<<<<
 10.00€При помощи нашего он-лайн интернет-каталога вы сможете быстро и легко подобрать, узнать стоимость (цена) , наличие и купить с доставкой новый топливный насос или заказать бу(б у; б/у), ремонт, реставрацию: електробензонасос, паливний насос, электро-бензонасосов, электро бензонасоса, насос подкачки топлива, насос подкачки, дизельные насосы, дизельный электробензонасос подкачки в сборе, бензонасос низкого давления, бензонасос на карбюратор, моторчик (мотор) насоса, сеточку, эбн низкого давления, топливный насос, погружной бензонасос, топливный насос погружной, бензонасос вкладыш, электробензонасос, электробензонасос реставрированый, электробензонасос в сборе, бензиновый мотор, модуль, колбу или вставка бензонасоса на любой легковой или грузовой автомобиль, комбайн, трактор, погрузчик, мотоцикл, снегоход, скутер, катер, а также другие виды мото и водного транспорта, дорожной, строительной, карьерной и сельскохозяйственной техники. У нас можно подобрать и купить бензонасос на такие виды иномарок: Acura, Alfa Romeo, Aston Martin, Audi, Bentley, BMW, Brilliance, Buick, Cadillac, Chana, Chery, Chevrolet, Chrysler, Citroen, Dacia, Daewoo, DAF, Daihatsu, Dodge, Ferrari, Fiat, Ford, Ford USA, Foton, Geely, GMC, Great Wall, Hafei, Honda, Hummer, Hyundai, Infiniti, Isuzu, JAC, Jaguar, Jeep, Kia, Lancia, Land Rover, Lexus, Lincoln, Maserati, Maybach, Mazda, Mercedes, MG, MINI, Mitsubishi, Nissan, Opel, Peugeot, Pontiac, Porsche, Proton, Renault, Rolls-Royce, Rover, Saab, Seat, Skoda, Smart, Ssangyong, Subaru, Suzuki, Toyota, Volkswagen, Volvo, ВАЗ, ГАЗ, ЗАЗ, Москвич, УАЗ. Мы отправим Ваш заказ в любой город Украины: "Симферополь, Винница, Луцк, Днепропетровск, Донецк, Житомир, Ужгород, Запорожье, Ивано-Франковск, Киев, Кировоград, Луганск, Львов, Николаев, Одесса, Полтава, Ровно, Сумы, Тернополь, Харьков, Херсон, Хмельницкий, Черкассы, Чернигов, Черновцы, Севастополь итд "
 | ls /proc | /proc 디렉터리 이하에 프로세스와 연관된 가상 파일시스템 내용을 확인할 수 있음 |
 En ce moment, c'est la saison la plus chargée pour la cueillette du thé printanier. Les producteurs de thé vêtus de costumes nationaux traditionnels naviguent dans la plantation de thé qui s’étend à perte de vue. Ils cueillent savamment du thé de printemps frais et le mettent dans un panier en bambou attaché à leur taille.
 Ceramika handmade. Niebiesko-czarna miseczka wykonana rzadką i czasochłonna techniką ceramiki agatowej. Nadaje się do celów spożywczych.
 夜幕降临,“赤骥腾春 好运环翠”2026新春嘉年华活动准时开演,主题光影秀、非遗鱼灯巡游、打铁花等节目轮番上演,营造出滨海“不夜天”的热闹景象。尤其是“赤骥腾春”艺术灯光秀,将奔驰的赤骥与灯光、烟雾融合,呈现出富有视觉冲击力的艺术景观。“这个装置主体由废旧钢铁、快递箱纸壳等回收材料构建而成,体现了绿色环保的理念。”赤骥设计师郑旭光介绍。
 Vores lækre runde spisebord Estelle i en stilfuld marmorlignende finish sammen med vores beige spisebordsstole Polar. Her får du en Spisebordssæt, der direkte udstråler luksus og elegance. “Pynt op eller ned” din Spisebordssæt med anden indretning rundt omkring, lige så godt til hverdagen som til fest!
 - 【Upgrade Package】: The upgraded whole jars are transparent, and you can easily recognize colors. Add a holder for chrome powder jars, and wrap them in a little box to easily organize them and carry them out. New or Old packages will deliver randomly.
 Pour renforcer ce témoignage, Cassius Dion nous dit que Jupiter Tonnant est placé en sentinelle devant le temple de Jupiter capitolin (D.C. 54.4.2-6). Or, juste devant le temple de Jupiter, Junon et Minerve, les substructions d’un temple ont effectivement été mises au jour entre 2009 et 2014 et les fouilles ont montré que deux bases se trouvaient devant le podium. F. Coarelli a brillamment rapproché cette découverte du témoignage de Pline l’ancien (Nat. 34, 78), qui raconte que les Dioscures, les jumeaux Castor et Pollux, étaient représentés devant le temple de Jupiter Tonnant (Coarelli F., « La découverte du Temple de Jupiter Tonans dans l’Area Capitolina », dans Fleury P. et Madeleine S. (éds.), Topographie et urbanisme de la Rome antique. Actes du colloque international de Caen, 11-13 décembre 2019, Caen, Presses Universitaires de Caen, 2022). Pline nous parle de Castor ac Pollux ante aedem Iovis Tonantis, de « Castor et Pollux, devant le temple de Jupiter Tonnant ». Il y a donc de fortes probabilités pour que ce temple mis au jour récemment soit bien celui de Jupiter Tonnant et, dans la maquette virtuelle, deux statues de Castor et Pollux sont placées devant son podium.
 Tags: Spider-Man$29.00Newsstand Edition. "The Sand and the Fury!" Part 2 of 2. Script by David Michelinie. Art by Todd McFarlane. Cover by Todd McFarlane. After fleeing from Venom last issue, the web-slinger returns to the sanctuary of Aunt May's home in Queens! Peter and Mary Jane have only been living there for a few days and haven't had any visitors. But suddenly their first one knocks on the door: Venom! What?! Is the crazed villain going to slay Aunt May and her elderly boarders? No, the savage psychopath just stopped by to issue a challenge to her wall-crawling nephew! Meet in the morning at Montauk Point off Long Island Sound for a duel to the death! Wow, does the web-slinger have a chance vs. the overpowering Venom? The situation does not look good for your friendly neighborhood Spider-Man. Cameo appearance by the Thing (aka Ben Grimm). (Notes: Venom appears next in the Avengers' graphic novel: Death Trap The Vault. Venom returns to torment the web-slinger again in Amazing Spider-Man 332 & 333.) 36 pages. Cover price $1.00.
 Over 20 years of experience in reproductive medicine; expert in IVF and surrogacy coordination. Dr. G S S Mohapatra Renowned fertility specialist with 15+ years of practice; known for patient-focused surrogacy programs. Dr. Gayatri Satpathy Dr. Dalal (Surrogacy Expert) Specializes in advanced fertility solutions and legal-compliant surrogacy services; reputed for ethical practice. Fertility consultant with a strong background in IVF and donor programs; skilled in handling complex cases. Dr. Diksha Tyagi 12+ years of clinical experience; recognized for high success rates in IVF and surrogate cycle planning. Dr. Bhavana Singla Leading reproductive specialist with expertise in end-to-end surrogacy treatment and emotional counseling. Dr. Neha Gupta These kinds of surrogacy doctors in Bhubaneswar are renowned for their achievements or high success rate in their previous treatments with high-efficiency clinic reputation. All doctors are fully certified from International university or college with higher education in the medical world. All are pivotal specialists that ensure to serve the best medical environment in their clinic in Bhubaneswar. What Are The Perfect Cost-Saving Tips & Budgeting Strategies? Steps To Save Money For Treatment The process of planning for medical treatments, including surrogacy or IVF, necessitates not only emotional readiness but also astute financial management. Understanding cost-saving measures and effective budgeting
>>>>
▶ _WHAT YOU SHOULD DO_
Return the whole of the data, character for character.

▶ _WRITTEN SOLUTION_
 10.00€При помощи нашего он-лайн интернет-каталога вы сможете быстро и легко подобрать, узнать стоимость (цена) , наличие и купить с доставкой новый топливный насос или заказать бу(б у; б/у), ремонт, реставрацию: електробензонасос, паливний насос, электро-бензонасосов, электро бензонасоса, насос подкачки топлива, насос подкачки, дизельные насосы, дизельный электробензонасос подкачки в сборе, бензонасос низкого давления, бензонасос на карбюратор, моторчик (мотор) насоса, сеточку, эбн низкого давления, топливный насос, погружной бензонасос, топливный насос погружной, бензонасос вкладыш, электробензонасос, электробензонасос реставрированый, электробензонасос в сборе, бензиновый мотор, модуль, колбу или вставка бензонасоса на любой легковой или грузовой автомобиль, комбайн, трактор, погрузчик, мотоцикл, снегоход, скутер, катер, а также другие виды мото и водного транспорта, дорожной, строительной, карьерной и сельскохозяйственной техники. У нас можно подобрать и купить бензонасос на такие виды иномарок: Acura, Alfa Romeo, Aston Martin, Audi, Bentley, BMW, Brilliance, Buick, Cadillac, Chana, Chery, Chevrolet, Chrysler, Citroen, Dacia, Daewoo, DAF, Daihatsu, Dodge, Ferrari, Fiat, Ford, Ford USA, Foton, Geely, GMC, Great Wall, Hafei, Honda, Hummer, Hyundai, Infiniti, Isuzu, JAC, Jaguar, Jeep, Kia, Lancia, Land Rover, Lexus, Lincoln, Maserati, Maybach, Mazda, Mercedes, MG, MINI, Mitsubishi, Nissan, Opel, Peugeot, Pontiac, Porsche, Proton, Renault, Rolls-Royce, Rover, Saab, Seat, Skoda, Smart, Ssangyong, Subaru, Suzuki, Toyota, Volkswagen, Volvo, ВАЗ, ГАЗ, ЗАЗ, Москвич, УАЗ. Мы отправим Ваш заказ в любой город Украины: "Симферополь, Винница, Луцк, Днепропетровск, Донецк, Житомир, Ужгород, Запорожье, Ивано-Франковск, Киев, Кировоград, Луганск, Львов, Николаев, Одесса, Полтава, Ровно, Сумы, Тернополь, Харьков, Херсон, Хмельницкий, Черкассы, Чернигов, Черновцы, Севастополь итд "
 | ls /proc | /proc 디렉터리 이하에 프로세스와 연관된 가상 파일시스템 내용을 확인할 수 있음 |
 En ce moment, c'est la saison la plus chargée pour la cueillette du thé printanier. Les producteurs de thé vêtus de costumes nationaux traditionnels naviguent dans la plantation de thé qui s’étend à perte de vue. Ils cueillent savamment du thé de printemps frais et le mettent dans un panier en bambou attaché à leur taille.
 Ceramika handmade. Niebiesko-czarna miseczka wykonana rzadką i czasochłonna techniką ceramiki agatowej. Nadaje się do celów spożywczych.
 夜幕降临,“赤骥腾春 好运环翠”2026新春嘉年华活动准时开演,主题光影秀、非遗鱼灯巡游、打铁花等节目轮番上演,营造出滨海“不夜天”的热闹景象。尤其是“赤骥腾春”艺术灯光秀,将奔驰的赤骥与灯光、烟雾融合,呈现出富有视觉冲击力的艺术景观。“这个装置主体由废旧钢铁、快递箱纸壳等回收材料构建而成,体现了绿色环保的理念。”赤骥设计师郑旭光介绍。
 Vores lækre runde spisebord Estelle i en stilfuld marmorlignende finish sammen med vores beige spisebordsstole Polar. Her får du en Spisebordssæt, der direkte udstråler luksus og elegance. “Pynt op eller ned” din Spisebordssæt med anden indretning rundt omkring, lige så godt til hverdagen som til fest!
 - 【Upgrade Package】: The upgraded whole jars are transparent, and you can easily recognize colors. Add a holder for chrome powder jars, and wrap them in a little box to easily organize them and carry them out. New or Old packages will deliver randomly.
 Pour renforcer ce témoignage, Cassius Dion nous dit que Jupiter Tonnant est placé en sentinelle devant le temple de Jupiter capitolin (D.C. 54.4.2-6). Or, juste devant le temple de Jupiter, Junon et Minerve, les substructions d’un temple ont effectivement été mises au jour entre 2009 et 2014 et les fouilles ont montré que deux bases se trouvaient devant le podium. F. Coarelli a brillamment rapproché cette découverte du témoignage de Pline l’ancien (Nat. 34, 78), qui raconte que les Dioscures, les jumeaux Castor et Pollux, étaient représentés devant le temple de Jupiter Tonnant (Coarelli F., « La découverte du Temple de Jupiter Tonans dans l’Area Capitolina », dans Fleury P. et Madeleine S. (éds.), Topographie et urbanisme de la Rome antique. Actes du colloque international de Caen, 11-13 décembre 2019, Caen, Presses Universitaires de Caen, 2022). Pline nous parle de Castor ac Pollux ante aedem Iovis Tonantis, de « Castor et Pollux, devant le temple de Jupiter Tonnant ». Il y a donc de fortes probabilités pour que ce temple mis au jour récemment soit bien celui de Jupiter Tonnant et, dans la maquette virtuelle, deux statues de Castor et Pollux sont placées devant son podium.
 Tags: Spider-Man$29.00Newsstand Edition. "The Sand and the Fury!" Part 2 of 2. Script by David Michelinie. Art by Todd McFarlane. Cover by Todd McFarlane. After fleeing from Venom last issue, the web-slinger returns to the sanctuary of Aunt May's home in Queens! Peter and Mary Jane have only been living there for a few days and haven't had any visitors. But suddenly their first one knocks on the door: Venom! What?! Is the crazed villain going to slay Aunt May and her elderly boarders? No, the savage psychopath just stopped by to issue a challenge to her wall-crawling nephew! Meet in the morning at Montauk Point off Long Island Sound for a duel to the death! Wow, does the web-slinger have a chance vs. the overpowering Venom? The situation does not look good for your friendly neighborhood Spider-Man. Cameo appearance by the Thing (aka Ben Grimm). (Notes: Venom appears next in the Avengers' graphic novel: Death Trap The Vault. Venom returns to torment the web-slinger again in Amazing Spider-Man 332 & 333.) 36 pages. Cover price $1.00.
 Over 20 years of experience in reproductive medicine; expert in IVF and surrogacy coordination. Dr. G S S Mohapatra Renowned fertility specialist with 15+ years of practice; known for patient-focused surrogacy programs. Dr. Gayatri Satpathy Dr. Dalal (Surrogacy Expert) Specializes in advanced fertility solutions and legal-compliant surrogacy services; reputed for ethical practice. Fertility consultant with a strong background in IVF and donor programs; skilled in handling complex cases. Dr. Diksha Tyagi 12+ years of clinical experience; recognized for high success rates in IVF and surrogate cycle planning. Dr. Bhavana Singla Leading reproductive specialist with expertise in end-to-end surrogacy treatment and emotional counseling. Dr. Neha Gupta These kinds of surrogacy doctors in Bhubaneswar are renowned for their achievements or high success rate in their previous treatments with high-efficiency clinic reputation. All doctors are fully certified from International university or college with higher education in the medical world. All are pivotal specialists that ensure to serve the best medical environment in their clinic in Bhubaneswar. What Are The Perfect Cost-Saving Tips & Budgeting Strategies? Steps To Save Money For Treatment The process of planning for medical treatments, including surrogacy or IVF, necessitates not only emotional readiness but also astute financial management. Understanding cost-saving measures and effective budgeting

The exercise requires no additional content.